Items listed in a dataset
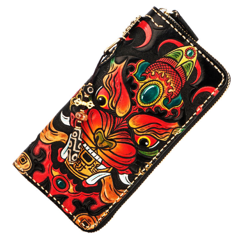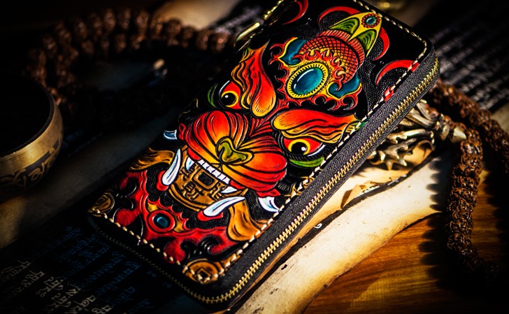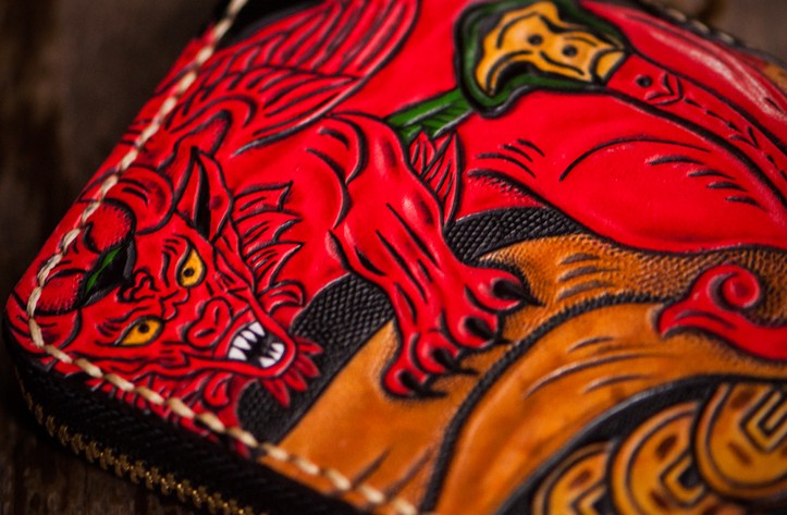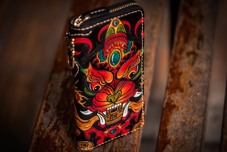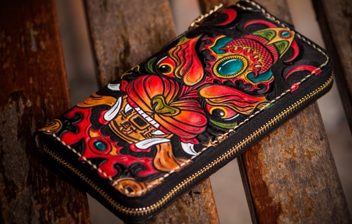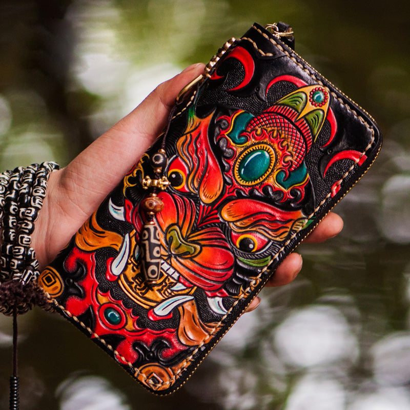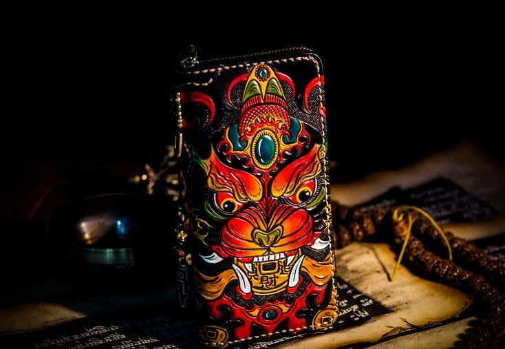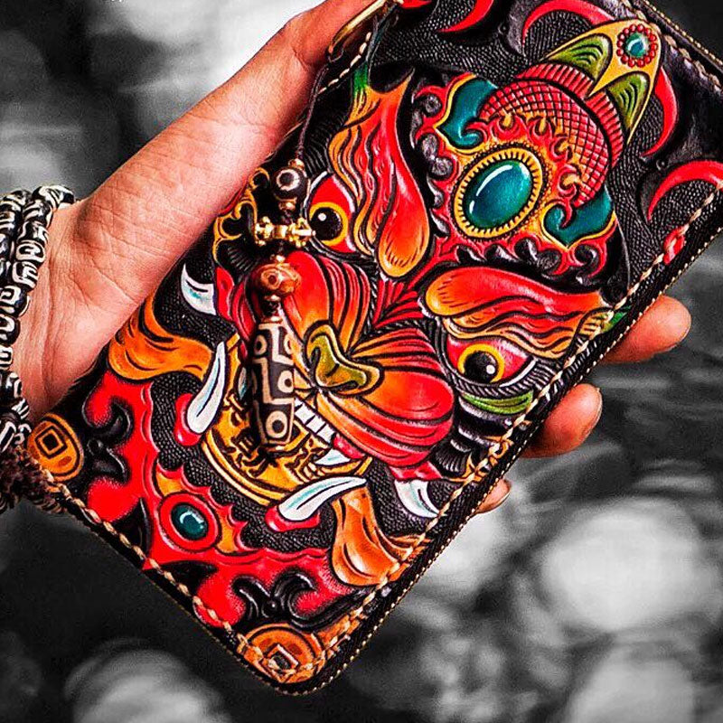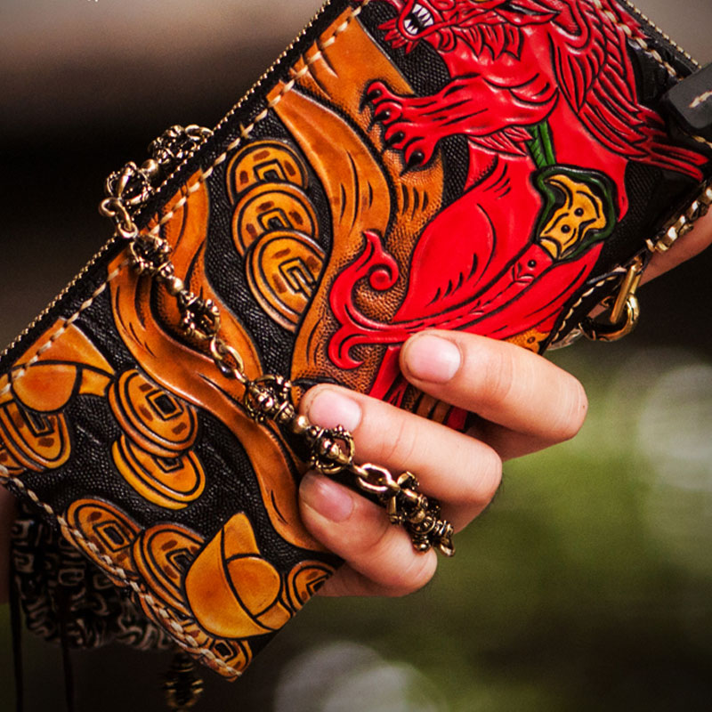 Design: Handmade Leather Tooled Chinese Monster Mens Chain Biker Wallet Cool Leather Wallet Zipper Long Phone Wallets for Men
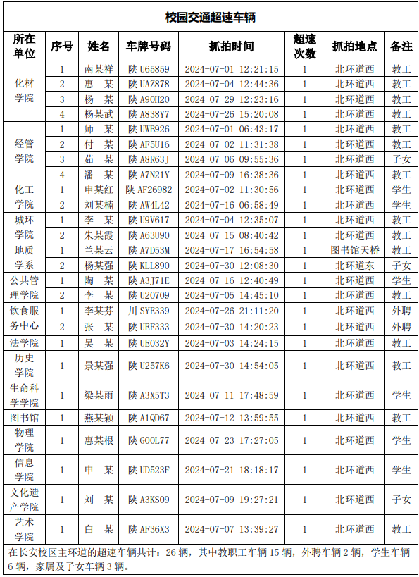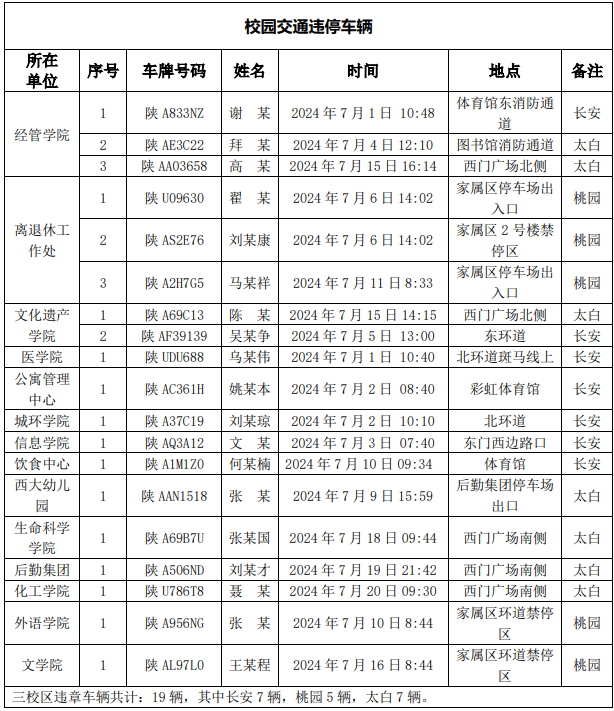 为一步加强校园交通管理,保障校园交通安全有序,维护学校正常的教学、科研和生活秩序以及师生员工的人身财产安全,根据《云博app官方在线入口校园交通安全管理规定》有关要求, 现将2024年7月校园交通违章车辆予以曝光,具体情况如下表。
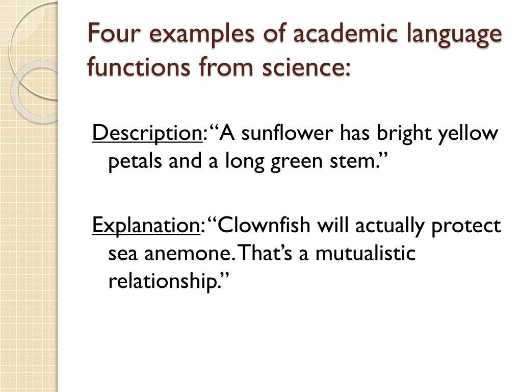 Four examples of academic language functions from science: Description: “A sunflower has bright yellow petals and a long green stem.” Explanation: “Clownfish will actually protect sea anemone. That’s a mutualistic relationship.”
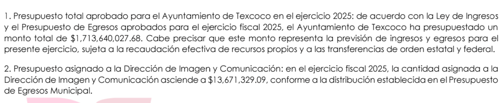 Texcoco, Edomex. 10 junio 2025. Mediante una solicitud de transparencia hecha en el mes de marzo sobre la cantidad asignada a la dirección de Imagen y Comunicación del ayuntamiento de Texcoco sobre el presupuesto designado para este año 2025.
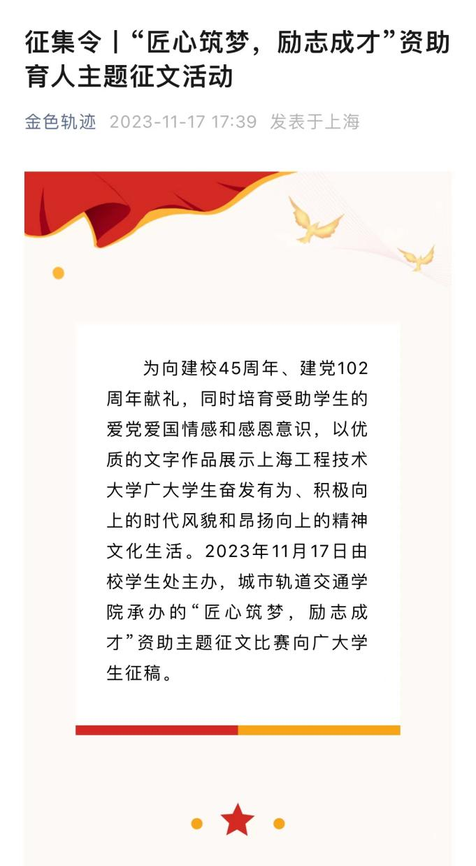 为向建校45周年、建党102周年献礼,同时培育受助学生的爱党爱国情感和感恩意识,以优质的文字作品展示上海工程技术大学广大学生奋发有为、积极向上的时代风貌和昂扬向上的精神文化生活。11月17日由校学生处主办,城市轨道交通学院承办的“匠心筑梦,励志成才”资助主题征文比赛向广大学生征稿。活动于2023年12月4日圆满结束,自开展以来,同学们参与积极性高涨,共收到来自各个学院的征文80余篇。活动由城市轨道交通学院党委副书记盛知恒牵头,学院全体辅导员老师全程指导。
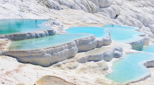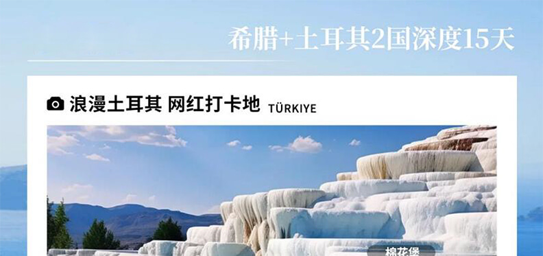 下午:前往温泉的度假胜地——【巴慕卡丽】,又称为【棉花堡】,也是土耳其顶尖的温泉地区,稀有的石灰棚景观被登录为世界遗产 ,含有石灰成分的温泉由高原上流出 ,经过长时间结晶作用后覆盖住整个高原,形成了石灰岩地形 , 由山下往上看就像一座纯白的雪山!
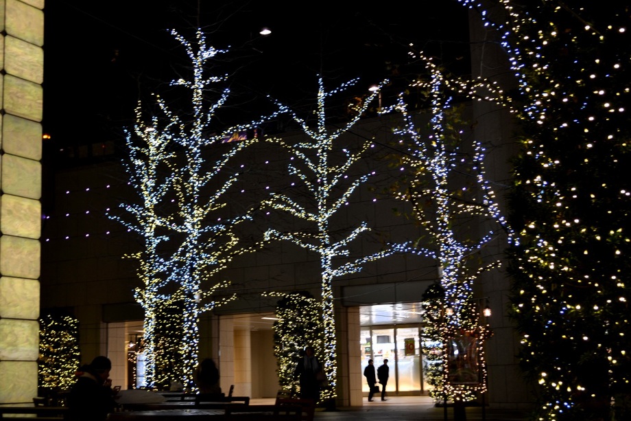 「一言」今日は寒かったが、有楽町や銀座、汐留のイルミネーションの写真を撮った。有楽町は緑のツリーだけと思ったら、有楽町の交通会館の2階に飾りがあり、 なかなか面白かった。銀座にはお店のクリスマスツリーが色々とあり、趣向を凝らしていた。また、道路沿いには面白い飾りが並んでいたが、人通りが多かった。 汐留は一階のイルミネーションが昨年に比べると少し地味な感じだったが、地下は例年通り賑やかなイルミネーションがたくさんあり、なかなか綺麗だった。
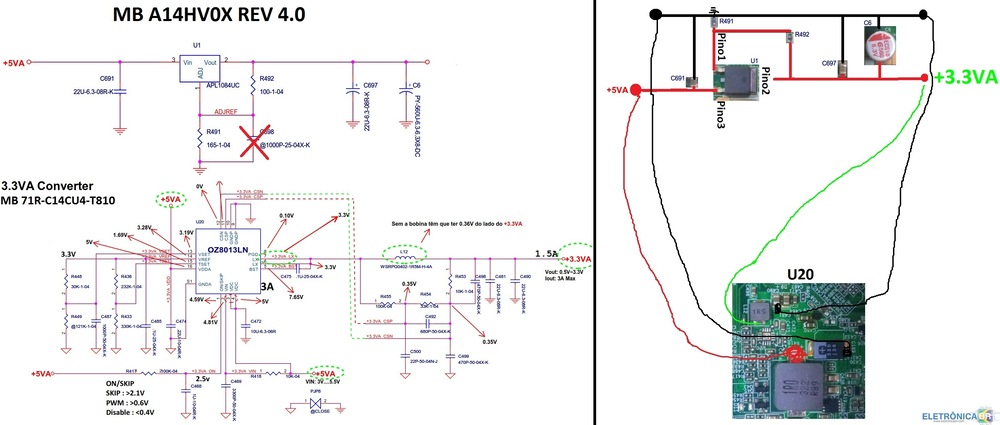 Olá pessoal, passando para deixar uma dica de procedimento que fiz e resolveu o meu problema. Placa mãe ligava quando queria e quando ligava a mesma se desligava antes ou depois de iniciar o sistema operacional, pois bem, fazendo a análise na placa mãe vi que quando o Notebook desligava permanecia a tensão de +5VA e a de +3.3VA caia para 0V ou ficava em 0.80V, aferi todas ás tensões (OK) então fiz a substituição do componente U20 (5 vezes e não resolveu). A solução que achei foi a seguinte, removi o U20 e adaptei um circuito de conversão de tensão (5V para 3.3V) e assim resolveu o problema, Notebook funcionando perfeitamente. Lembrando que quando a tensão caia na bobina L12-3.3V o U20 ficava com o restante das tensões OK.
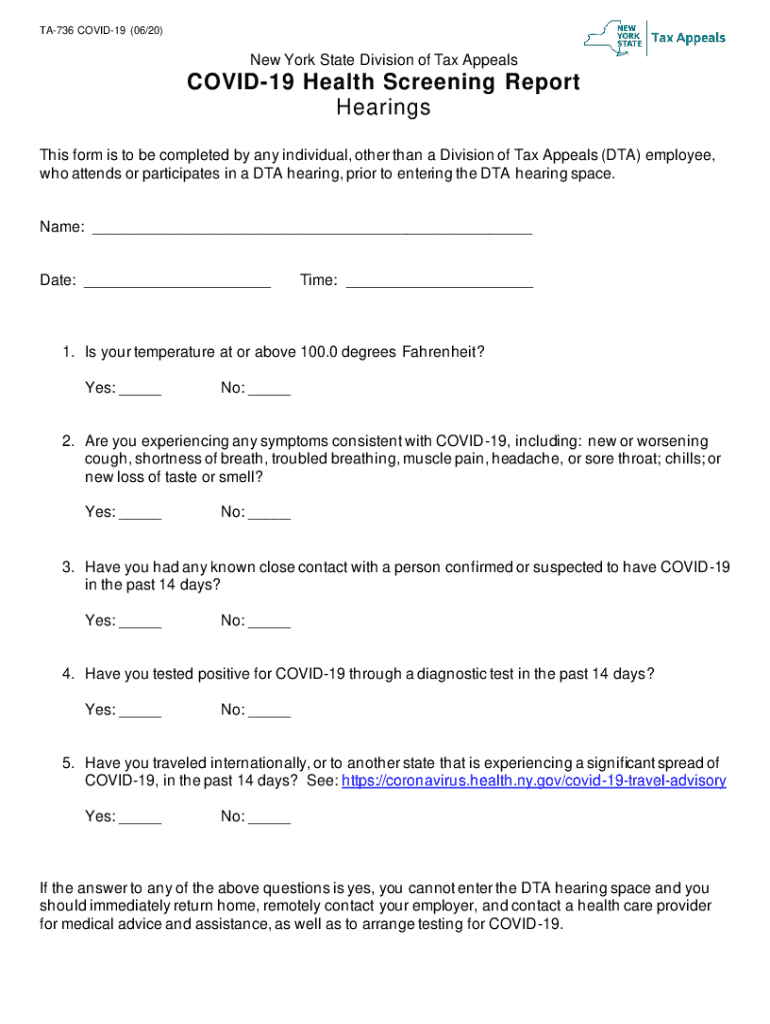 TA736 COVID19 (06/20)New York State Division of Tax AppealsCOVID19 Health Screening Report Hearings This form is to be completed by any individual, other than a Division of Tax Appeals (DTA) employee,

→ **WHAT THE EXERCISE ASKS**:
Write out all the records again, exactly, minus any pictures.

→ **WRITTEN ANSWER**:
 Design: Handmade Leather Tooled Chinese Monster Mens Chain Biker Wallet Cool Leather Wallet Zipper Long Phone Wallets for Men
 为一步加强校园交通管理,保障校园交通安全有序,维护学校正常的教学、科研和生活秩序以及师生员工的人身财产安全,根据《云博app官方在线入口校园交通安全管理规定》有关要求, 现将2024年7月校园交通违章车辆予以曝光,具体情况如下表。
 Four examples of academic language functions from science: Description: “A sunflower has bright yellow petals and a long green stem.” Explanation: “Clownfish will actually protect sea anemone. That’s a mutualistic relationship.”
 Texcoco, Edomex. 10 junio 2025. Mediante una solicitud de transparencia hecha en el mes de marzo sobre la cantidad asignada a la dirección de Imagen y Comunicación del ayuntamiento de Texcoco sobre el presupuesto designado para este año 2025.
 为向建校45周年、建党102周年献礼,同时培育受助学生的爱党爱国情感和感恩意识,以优质的文字作品展示上海工程技术大学广大学生奋发有为、积极向上的时代风貌和昂扬向上的精神文化生活。11月17日由校学生处主办,城市轨道交通学院承办的“匠心筑梦,励志成才”资助主题征文比赛向广大学生征稿。活动于2023年12月4日圆满结束,自开展以来,同学们参与积极性高涨,共收到来自各个学院的征文80余篇。活动由城市轨道交通学院党委副书记盛知恒牵头,学院全体辅导员老师全程指导。
 下午:前往温泉的度假胜地——【巴慕卡丽】,又称为【棉花堡】,也是土耳其顶尖的温泉地区,稀有的石灰棚景观被登录为世界遗产 ,含有石灰成分的温泉由高原上流出 ,经过长时间结晶作用后覆盖住整个高原,形成了石灰岩地形 , 由山下往上看就像一座纯白的雪山!
 「一言」今日は寒かったが、有楽町や銀座、汐留のイルミネーションの写真を撮った。有楽町は緑のツリーだけと思ったら、有楽町の交通会館の2階に飾りがあり、 なかなか面白かった。銀座にはお店のクリスマスツリーが色々とあり、趣向を凝らしていた。また、道路沿いには面白い飾りが並んでいたが、人通りが多かった。 汐留は一階のイルミネーションが昨年に比べると少し地味な感じだったが、地下は例年通り賑やかなイルミネーションがたくさんあり、なかなか綺麗だった。
 Olá pessoal, passando para deixar uma dica de procedimento que fiz e resolveu o meu problema. Placa mãe ligava quando queria e quando ligava a mesma se desligava antes ou depois de iniciar o sistema operacional, pois bem, fazendo a análise na placa mãe vi que quando o Notebook desligava permanecia a tensão de +5VA e a de +3.3VA caia para 0V ou ficava em 0.80V, aferi todas ás tensões (OK) então fiz a substituição do componente U20 (5 vezes e não resolveu). A solução que achei foi a seguinte, removi o U20 e adaptei um circuito de conversão de tensão (5V para 3.3V) e assim resolveu o problema, Notebook funcionando perfeitamente. Lembrando que quando a tensão caia na bobina L12-3.3V o U20 ficava com o restante das tensões OK.
 TA736 COVID19 (06/20)New York State Division of Tax AppealsCOVID19 Health Screening Report Hearings This form is to be completed by any individual, other than a Division of Tax Appeals (DTA) employee,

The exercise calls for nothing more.